What to do: Output only the lines that run from the line holding "Aluminum with metal" to the end of the data below, including both ends, without any pictures.

Stored entries:
━━━━━━

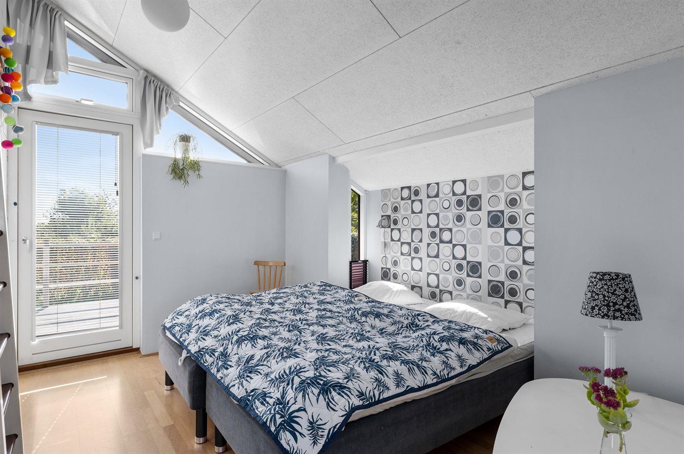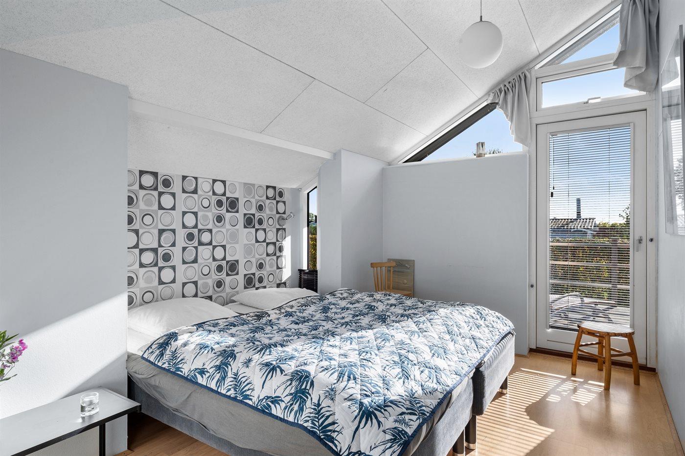 Der er i alt 2 soveværelser. Sovepladserne fordeler sig på: 4 sovepladser i dobbeltsenge. 2 sovepladser på madrasser. 2 af disse sovepladser befinder sig på husets hems. Derudover er der 1 stk. barneseng.
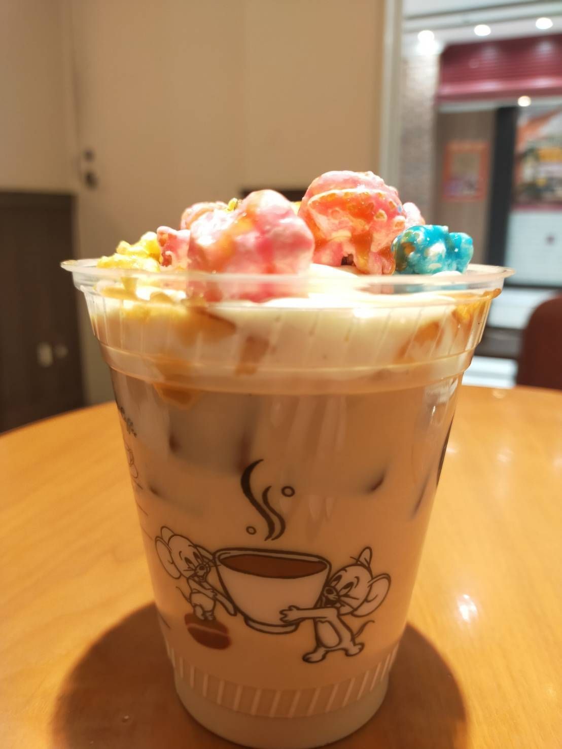 這次點了一杯「湯姆貓與傑利鼠 焦糖爆米花榛果拿鐵」,杯身上可以看到穿著圍裙的湯姆貓,以及用兩手端著體型比自己還大的傑利鼠。
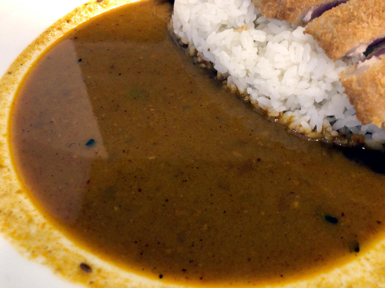 カレーソースは濃い褐色をしており、サラサラしたスープ状。
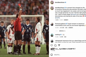 小贝晒98世界杯染红名场面:改变一生时刻,感谢西蒙尼分享的故事
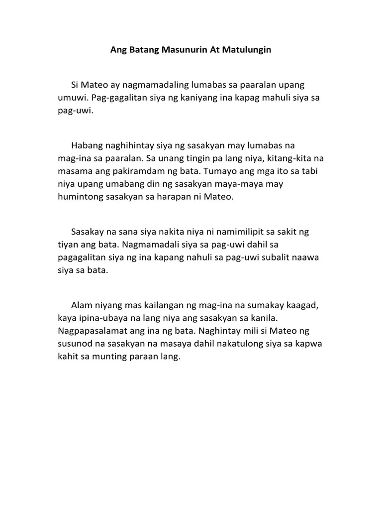 By Mikaela Alexis A. Human translations with examples. Martes Setyembre 27 2016 ANG BATANG MATULUNGIN AT MASUNURIN Si Paul ay nagmamadaling lumabas ng paaralan upang umuwi.
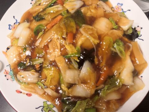 五目焼きそばは具沢山で野菜が多く摂取出来るのと、麺の一部にお焦げがあって風味が豊かなところが好きです。 あんかけなので腹持ちが良いのもいいですね。 この後のビールタイムもずっと満腹が持続するのでツマミも不要です。
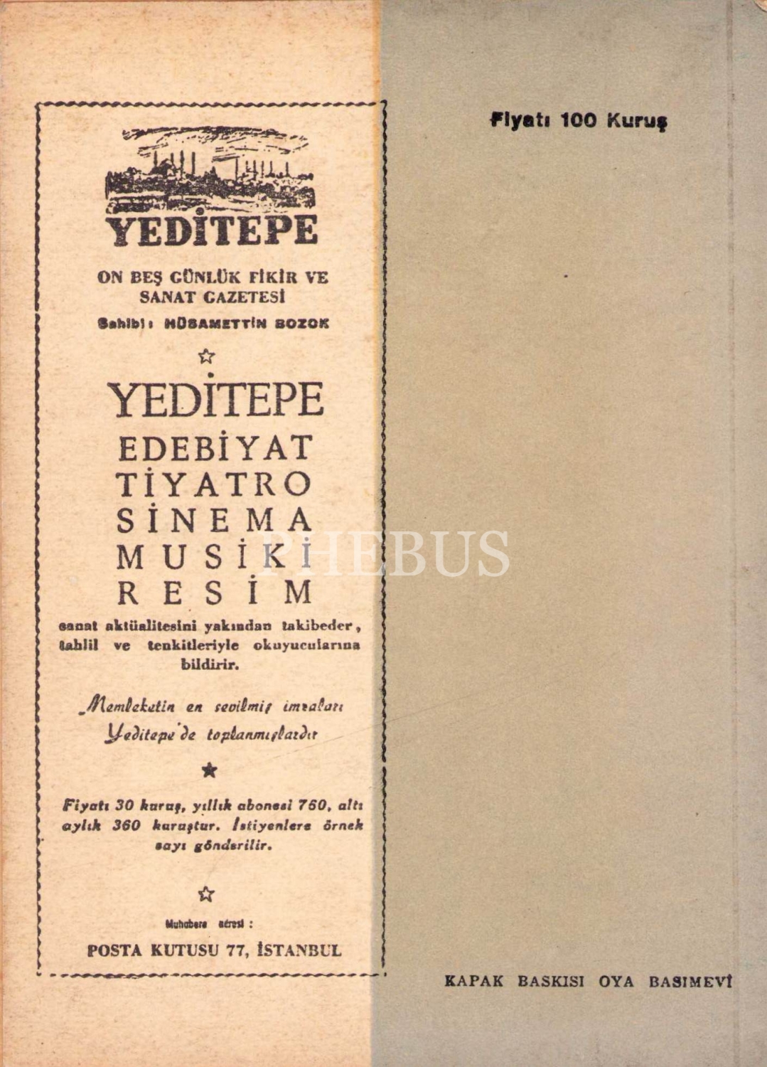 Oktay Akbal'ın "Bizans Definesi", İlk Baskı, 1953, Yeditepe Yayınları, 78 sayfa, 12x17 cm
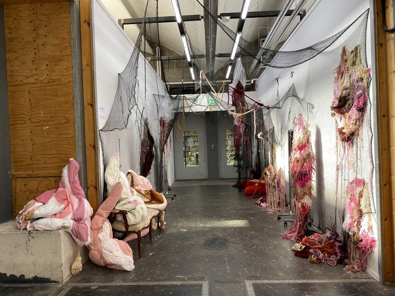 Made flesh 2024 is an installation of all (my) flesh coloured sculptures, knitted and stitched between 2020 and 2023.  They were installed site responsively, with some used netting, as a walkthrough, immersive installation at The Corridor, a test space at Spike Island, Bristol from Sept 10-16 2024, as a showcase at the end of my Dreamtime Fellowship.
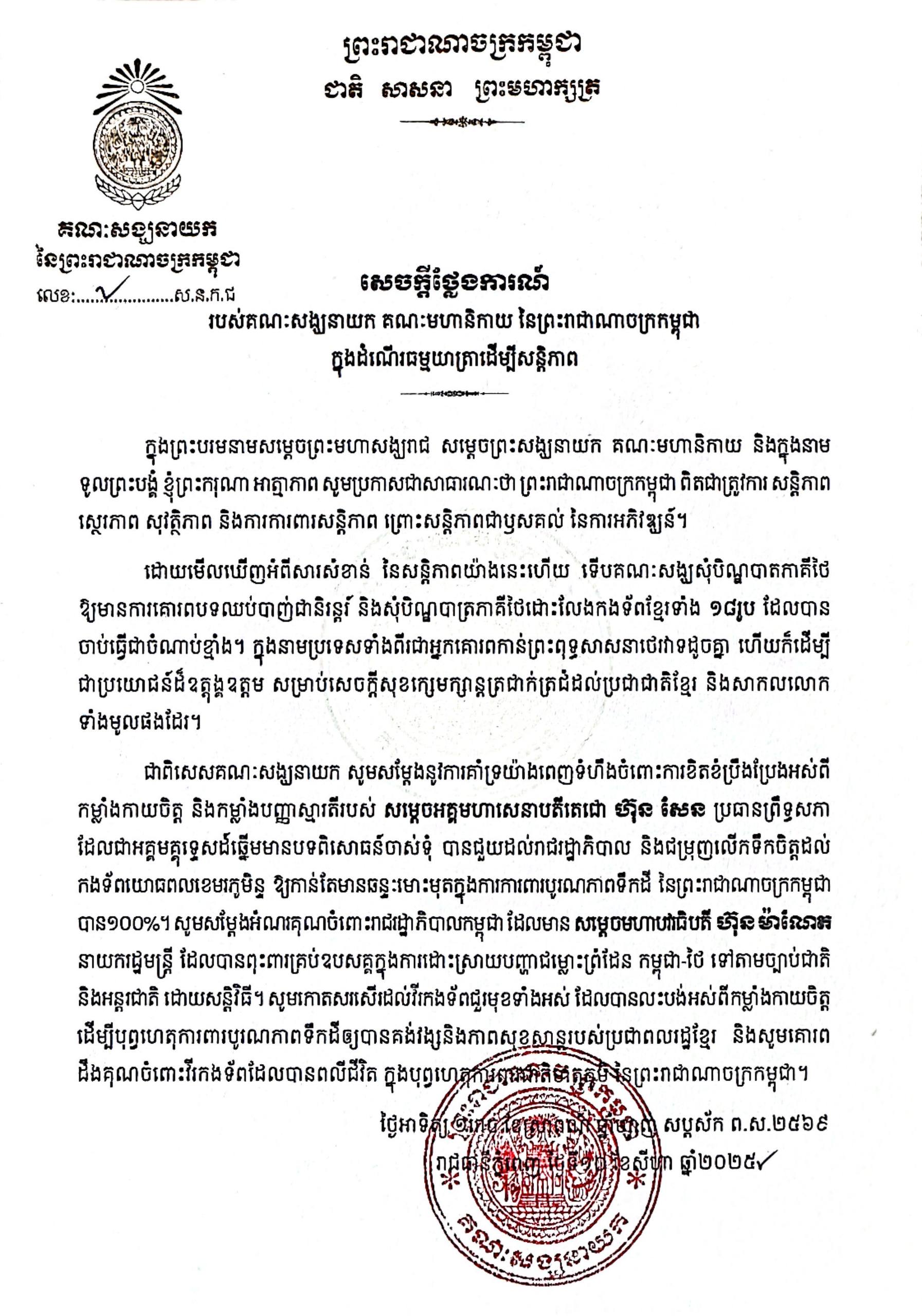 (រាជធានីភ្នំពេញ)៖ តាមការការចុះផ្សាយរបស់ ឯកសារមន្ត្រីសាធរណៈ នៅព្រឺកថ្ងៃទី ១១ ខែសីហា ឆ្នាំ ២០២៥ នេះ បានឱ្យដឹងថា គណៈសង្ឃកម្ពុជាសុំបិណ្ឌបាតភាគីថៃ ឱ្យមានការគោរពបទឈប់បាញ់ជានិរន្តរ៍ និងសុំបិណ្ឌបាត្រភាគីថៃដោះលែងកងទ័ពខ្មែរទាំង ១៨រូប ដែលត្រូវបានចាប់ធ្វើជាចំណាប់ខ្មាំង។
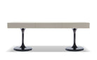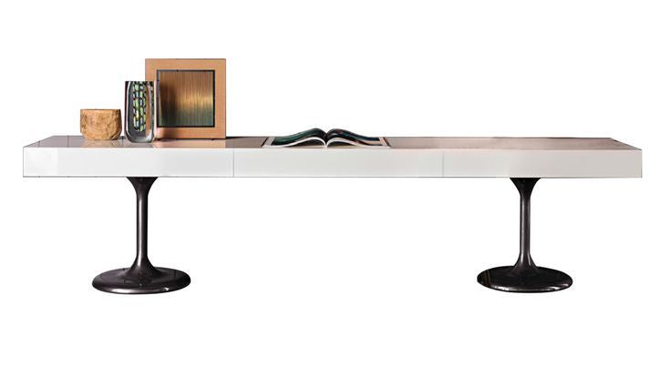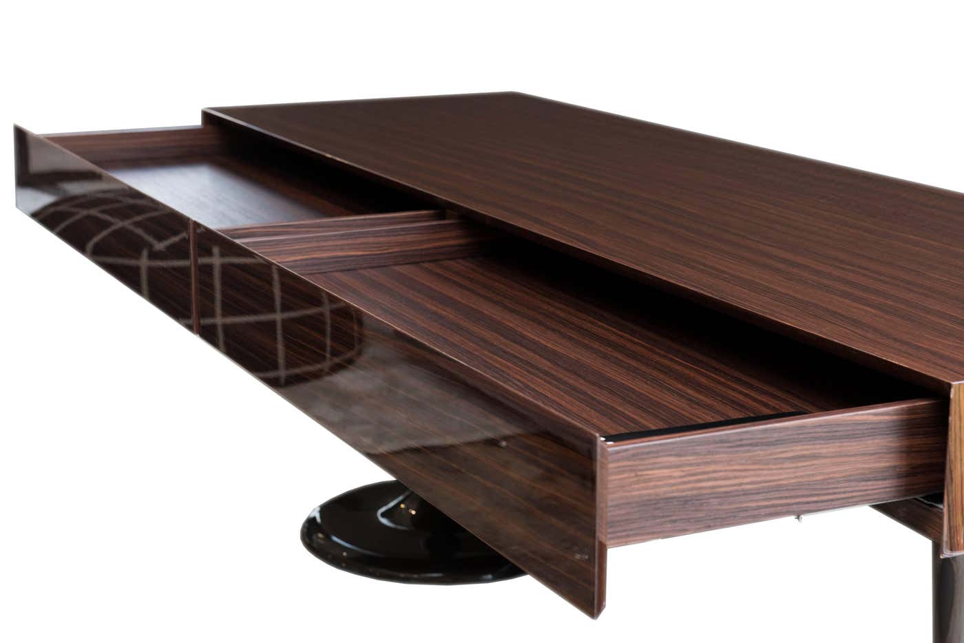 Aluminum with metal load-bearing structure and counterweight plate. The base is available in a glossy Pewter-colored finish. Internal drawers in composite Walnut veneer with matt finish to match all of the finishes for the external structure, fully extendable drawer slides with Blum Motion closing mechanism.
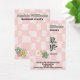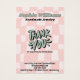 This charming jewellery display card feature a playful pink and white chequered background with retro flowers. The font is a bold vintage retro style fully customazible in the design edit tool. The back includes a warm “Thank You” message, along with space for contact details like your shop's website, email, and phone number. Perfect for presenting your handmade jewellery with style and adding a fun personal touch.
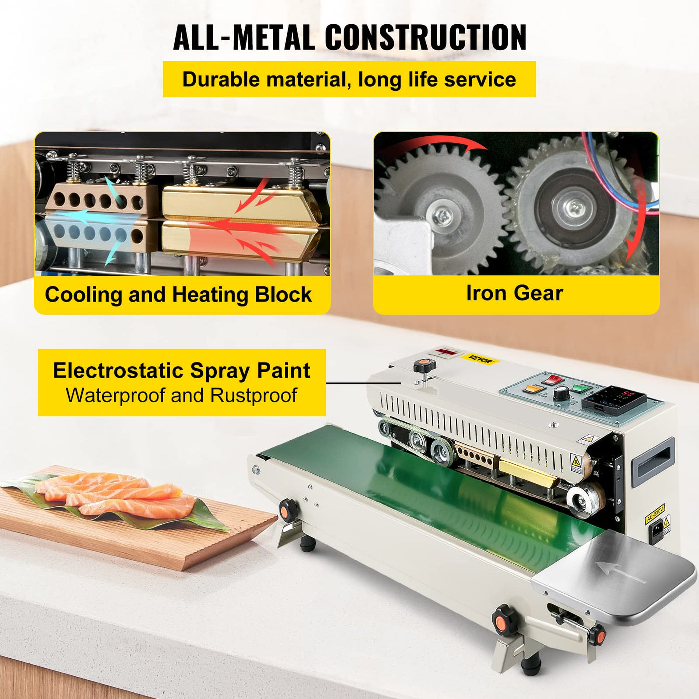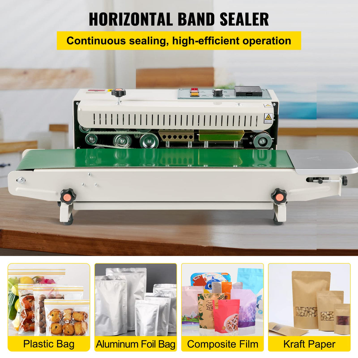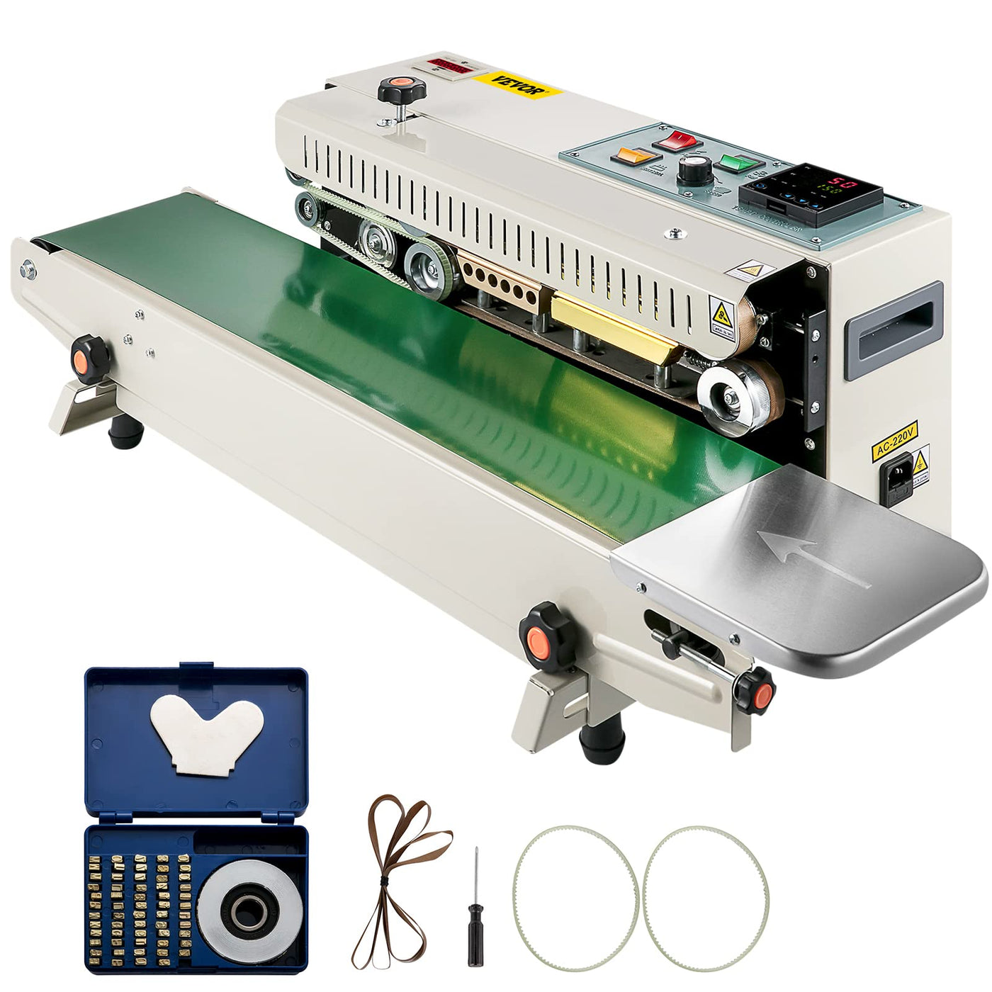 Vevor Continuous Bag Band Sealing Machine Fr900K Band Sealer Machine With Digital Temperature Control Horizontal Bag Sealer For 0.02 0.08 Mm Plastic Bags Continuous Band Sealer W/Printing Function

━━━━━━

Written answer:
 Aluminum with metal load-bearing structure and counterweight plate. The base is available in a glossy Pewter-colored finish. Internal drawers in composite Walnut veneer with matt finish to match all of the finishes for the external structure, fully extendable drawer slides with Blum Motion closing mechanism.
 This charming jewellery display card feature a playful pink and white chequered background with retro flowers. The font is a bold vintage retro style fully customazible in the design edit tool. The back includes a warm “Thank You” message, along with space for contact details like your shop's website, email, and phone number. Perfect for presenting your handmade jewellery with style and adding a fun personal touch.
 Vevor Continuous Bag Band Sealing Machine Fr900K Band Sealer Machine With Digital Temperature Control Horizontal Bag Sealer For 0.02 0.08 Mm Plastic Bags Continuous Band Sealer W/Printing Function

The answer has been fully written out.